The daylight rescue which followed was one of the most dramatic undertaken.
“The dawn revealed a horrendous picture with seas running at about 10 metres, wind gusts of around 55 knots, gusting to 70 knots,” Commander Robbins said.
It was impossible to lower a boat and the Ramtha crew was told a line would be fired from Monowai to Ramtha for the crew to be hauled across the boiling seas in harnesses.
The plan was for Mr and Mrs Forbes to haul the harnesses across from Monowai, put them on and jump into the water.
Before that could happen, nature took control.

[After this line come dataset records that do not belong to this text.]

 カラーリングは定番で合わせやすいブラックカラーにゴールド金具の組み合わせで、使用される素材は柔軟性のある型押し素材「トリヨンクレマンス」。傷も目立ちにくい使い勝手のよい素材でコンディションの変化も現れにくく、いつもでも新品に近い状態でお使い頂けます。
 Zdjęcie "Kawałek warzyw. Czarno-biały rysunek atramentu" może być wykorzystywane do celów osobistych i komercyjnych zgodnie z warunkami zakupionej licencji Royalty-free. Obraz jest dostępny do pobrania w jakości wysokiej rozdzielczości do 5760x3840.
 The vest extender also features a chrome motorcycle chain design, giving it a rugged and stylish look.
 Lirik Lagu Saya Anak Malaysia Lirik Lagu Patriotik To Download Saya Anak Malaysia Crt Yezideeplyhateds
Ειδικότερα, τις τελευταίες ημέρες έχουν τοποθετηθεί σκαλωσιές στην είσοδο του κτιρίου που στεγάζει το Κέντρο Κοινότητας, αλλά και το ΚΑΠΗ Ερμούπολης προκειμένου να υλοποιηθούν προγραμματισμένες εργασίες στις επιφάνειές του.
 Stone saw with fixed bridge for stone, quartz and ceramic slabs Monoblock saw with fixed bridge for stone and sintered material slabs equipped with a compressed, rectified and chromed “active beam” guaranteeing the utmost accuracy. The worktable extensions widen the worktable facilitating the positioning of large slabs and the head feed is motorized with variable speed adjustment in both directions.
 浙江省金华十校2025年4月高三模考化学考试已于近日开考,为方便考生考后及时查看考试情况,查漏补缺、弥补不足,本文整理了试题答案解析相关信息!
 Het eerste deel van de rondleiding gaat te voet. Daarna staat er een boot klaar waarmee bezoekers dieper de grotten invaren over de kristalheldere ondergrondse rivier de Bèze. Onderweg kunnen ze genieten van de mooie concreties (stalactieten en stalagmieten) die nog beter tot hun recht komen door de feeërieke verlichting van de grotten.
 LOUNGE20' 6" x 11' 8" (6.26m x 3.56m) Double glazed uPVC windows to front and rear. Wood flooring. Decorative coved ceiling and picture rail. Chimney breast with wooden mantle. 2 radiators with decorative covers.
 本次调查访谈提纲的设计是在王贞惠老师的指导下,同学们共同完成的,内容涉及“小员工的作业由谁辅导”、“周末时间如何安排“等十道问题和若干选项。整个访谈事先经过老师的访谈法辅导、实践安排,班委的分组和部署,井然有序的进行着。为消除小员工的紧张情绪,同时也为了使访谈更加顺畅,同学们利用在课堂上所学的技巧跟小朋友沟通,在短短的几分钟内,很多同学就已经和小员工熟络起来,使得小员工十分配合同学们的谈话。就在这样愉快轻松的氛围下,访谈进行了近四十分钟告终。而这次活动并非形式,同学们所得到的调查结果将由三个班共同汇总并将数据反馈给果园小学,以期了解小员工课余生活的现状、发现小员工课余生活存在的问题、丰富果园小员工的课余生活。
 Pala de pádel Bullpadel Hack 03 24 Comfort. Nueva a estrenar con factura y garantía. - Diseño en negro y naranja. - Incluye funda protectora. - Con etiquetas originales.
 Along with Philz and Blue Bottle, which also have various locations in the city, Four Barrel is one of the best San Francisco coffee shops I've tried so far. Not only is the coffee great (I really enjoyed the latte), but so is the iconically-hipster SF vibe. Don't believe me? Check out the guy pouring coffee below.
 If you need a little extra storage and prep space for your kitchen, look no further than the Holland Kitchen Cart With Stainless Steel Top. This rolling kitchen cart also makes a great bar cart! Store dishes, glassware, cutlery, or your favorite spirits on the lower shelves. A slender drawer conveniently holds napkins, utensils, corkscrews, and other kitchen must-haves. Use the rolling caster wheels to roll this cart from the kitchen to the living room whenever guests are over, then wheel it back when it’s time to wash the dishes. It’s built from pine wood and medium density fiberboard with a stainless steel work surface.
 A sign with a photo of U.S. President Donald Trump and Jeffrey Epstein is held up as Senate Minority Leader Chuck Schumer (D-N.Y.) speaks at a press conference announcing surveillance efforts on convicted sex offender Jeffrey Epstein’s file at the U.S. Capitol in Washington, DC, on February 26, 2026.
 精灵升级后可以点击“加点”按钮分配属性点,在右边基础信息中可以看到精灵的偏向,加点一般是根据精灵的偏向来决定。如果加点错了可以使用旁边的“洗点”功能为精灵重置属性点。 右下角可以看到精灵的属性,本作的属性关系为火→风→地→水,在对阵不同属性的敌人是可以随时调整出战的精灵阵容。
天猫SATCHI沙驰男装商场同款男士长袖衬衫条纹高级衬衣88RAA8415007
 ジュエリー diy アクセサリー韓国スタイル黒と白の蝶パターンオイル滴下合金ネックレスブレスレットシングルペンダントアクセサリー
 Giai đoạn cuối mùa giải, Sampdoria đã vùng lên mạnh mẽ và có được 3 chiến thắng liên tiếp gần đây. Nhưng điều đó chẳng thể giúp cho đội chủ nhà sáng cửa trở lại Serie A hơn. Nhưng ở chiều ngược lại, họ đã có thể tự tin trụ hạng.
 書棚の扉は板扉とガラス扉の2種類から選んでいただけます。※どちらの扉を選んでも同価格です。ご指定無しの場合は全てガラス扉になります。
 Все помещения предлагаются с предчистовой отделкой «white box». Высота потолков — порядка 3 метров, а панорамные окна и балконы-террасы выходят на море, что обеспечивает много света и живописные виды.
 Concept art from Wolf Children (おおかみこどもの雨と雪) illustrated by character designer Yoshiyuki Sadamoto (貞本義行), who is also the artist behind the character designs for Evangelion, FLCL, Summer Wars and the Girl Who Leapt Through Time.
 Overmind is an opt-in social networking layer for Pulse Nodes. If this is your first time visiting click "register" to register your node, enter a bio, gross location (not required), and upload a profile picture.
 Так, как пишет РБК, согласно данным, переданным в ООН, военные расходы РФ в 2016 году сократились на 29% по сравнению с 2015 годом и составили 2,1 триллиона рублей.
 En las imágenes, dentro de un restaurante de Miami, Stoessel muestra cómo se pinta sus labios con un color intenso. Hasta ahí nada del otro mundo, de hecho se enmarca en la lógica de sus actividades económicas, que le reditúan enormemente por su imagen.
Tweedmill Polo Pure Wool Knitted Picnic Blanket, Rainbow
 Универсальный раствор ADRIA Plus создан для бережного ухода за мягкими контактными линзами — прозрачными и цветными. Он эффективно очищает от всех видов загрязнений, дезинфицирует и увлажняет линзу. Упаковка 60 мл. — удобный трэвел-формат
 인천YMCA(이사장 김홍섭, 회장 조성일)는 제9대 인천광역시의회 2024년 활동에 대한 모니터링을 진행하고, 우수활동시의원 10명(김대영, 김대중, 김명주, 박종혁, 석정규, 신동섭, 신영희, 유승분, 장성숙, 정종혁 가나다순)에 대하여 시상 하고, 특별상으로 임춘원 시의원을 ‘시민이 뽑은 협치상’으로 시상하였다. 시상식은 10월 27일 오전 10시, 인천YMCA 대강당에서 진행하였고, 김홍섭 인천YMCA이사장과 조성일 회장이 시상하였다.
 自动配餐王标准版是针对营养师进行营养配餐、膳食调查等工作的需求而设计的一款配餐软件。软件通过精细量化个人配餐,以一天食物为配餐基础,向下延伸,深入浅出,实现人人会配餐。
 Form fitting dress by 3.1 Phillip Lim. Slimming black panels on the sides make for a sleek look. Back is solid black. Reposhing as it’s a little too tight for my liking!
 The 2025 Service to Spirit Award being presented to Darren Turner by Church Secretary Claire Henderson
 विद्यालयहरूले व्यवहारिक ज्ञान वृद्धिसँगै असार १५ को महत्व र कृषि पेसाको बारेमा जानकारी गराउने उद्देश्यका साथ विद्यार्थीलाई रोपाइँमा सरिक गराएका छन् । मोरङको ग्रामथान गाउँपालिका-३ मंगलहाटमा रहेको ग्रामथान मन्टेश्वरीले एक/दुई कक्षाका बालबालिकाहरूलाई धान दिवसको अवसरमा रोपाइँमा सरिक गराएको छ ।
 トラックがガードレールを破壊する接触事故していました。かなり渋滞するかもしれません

“A large roll by Monowai to starboard served to jerk them off their feet, along the deck and into the water,” said Larry Robbins in his report.
Mr and Mrs Forbes were hauled hand-over-hand, often under water, and finally lifted aboard Monowai to the cheers of the crew.
Monowai continued its mission and, at 8.34am on June 6, found the American yacht, Pilot, crewed by Barbara Parks and Greg Forbes.
This time the rescue was relatively easy as Monowai launched its rigid hulled inflatable boat.
Shortly before 4pm the same day, Monowai found its third storm victim, Mr O’Neil’s dismasted Silver Shadow.
Pain-racked, Mr O’Neil could not move from his bunk as his son, Murray, and his close friends, Richard Jackson and John McSherry, concentrated on keeping the bow of the four-skinned kauri yacht into the wind.
The Silver Shadow was still sound, but with insufficient fuel to reach Tonga the decision was made to abandon ship.
Ten years later as he prepared to have dinner with Mr Robbins, Mr O’Neil said Silver Shadow was first rolled by an enormous wave they heard coming.
It was one of those huge waves which injured Mr O’Neil as he stood in the galley preparing to make a coffee.
“I thought I had ruptured a lung because I could hardly breathe.” When Monowai’s inflatable boat arrived, he was literally thrown aboard and pushed into the bottom with a medic holding him down.
He has nothing but praise for Mr Robbins and the crew of Monowai.
The feats of Monowai’s crew were recognised annually until the ship was decommissioned in 1998 when Mr O’Neil sent the crew the finest bottle of rum he could find.